If it's popular with ramblers I'd sell cream teas.

To the OP

No doubt the person who sold the house kept the land for a purpose. Either they want to use it, or they see future value in selling it that is greater than selling it with the property. Perhaps they see selling it to you now - to remove annoyance - or to you when you try to sell as the access will prove a disincentive to some purchasers; or if not to you to some future owner of your property in order to remove the 'access issue'.

Perhaps they see a development potential,

or perhaps they just want to be annoying - since there are people like that. Were you on good terms previously ?

I had to sell a property once where the garage was behind. This and the neighbouring property shared the drive between them. The drive belonged to the neighbour but the house I was selling had the right to 'pass and repass" over the drive to access the rear garden; it had this right to access since the 17C - although nothing formal since the original deeds. As there was no on road parking the access to the rear and the garage was useful.

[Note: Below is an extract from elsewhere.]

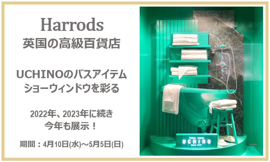 バスタイムから快眠まで、健やかで心地よいライフスタイルを提案する内野株式会社(本社:東京都中央区/代表取締役社長:内野信行)は、英国高級百貨店「Harrods」のショーウィンドウに上質なバスタイムを演出するアイテムとしてタオル、スリッパ、パジャマの数々が登場したことをお知らせいたします。今年のコンセプトは「ラグジュアリーなホームスパ体験」。メインストリートに面したショーウィンドウに、現地時間2024年4月10日(水)から5月5日(日)までの期間、ディスプレイされます。(https://www.uchino.co.jp/)

Likewise, the drive could become an excellent parking bay for the neighbour- but of course this would hinder the 'inconvenient' right to pass and repass

The neighbours became right ****. They first put up locked gates half way up the drive, then built a low brick wall, then, after I'd taken a sledge hammer to that one midnight, they planted a rock garden in the drive; all prevented access to the garden and garage, but did not prevent their ability to use the drive as a parking bay, or access their back garden. It delayed the house sale by 2 years and cost a mint to resolve - the neighbours lost of course and the new written agreement means they cannot park or block the drive for a minute without permission - so it turned out worse for them in the long run as before there was a very flexible arrangement.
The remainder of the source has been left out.